**Available records:**
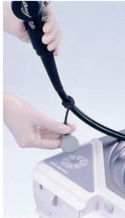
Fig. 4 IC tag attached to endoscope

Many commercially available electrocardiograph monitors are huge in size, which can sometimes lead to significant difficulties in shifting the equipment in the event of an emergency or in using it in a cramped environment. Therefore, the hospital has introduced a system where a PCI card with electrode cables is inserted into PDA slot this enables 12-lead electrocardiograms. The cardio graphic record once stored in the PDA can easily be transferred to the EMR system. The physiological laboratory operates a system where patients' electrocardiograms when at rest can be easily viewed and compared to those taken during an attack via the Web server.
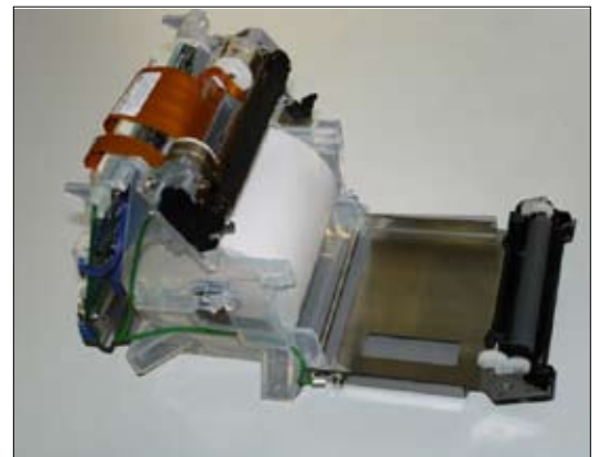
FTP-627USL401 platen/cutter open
...
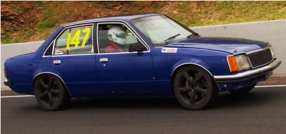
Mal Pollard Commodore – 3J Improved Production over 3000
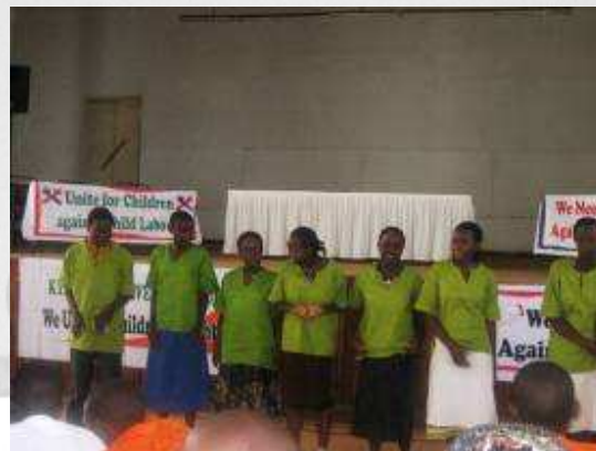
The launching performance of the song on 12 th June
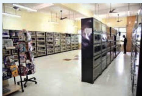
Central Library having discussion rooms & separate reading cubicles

**Your objective:** In the records above, find the line with "Mal Pollard Commodore" and the line with "Central Library having", then restate word for word only those two lines and all lines between, omitting pictures.

**Task response:**
Mal Pollard Commodore – 3J Improved Production over 3000
The launching performance of the song on 12 th June
Central Library having discussion rooms & separate reading cubicles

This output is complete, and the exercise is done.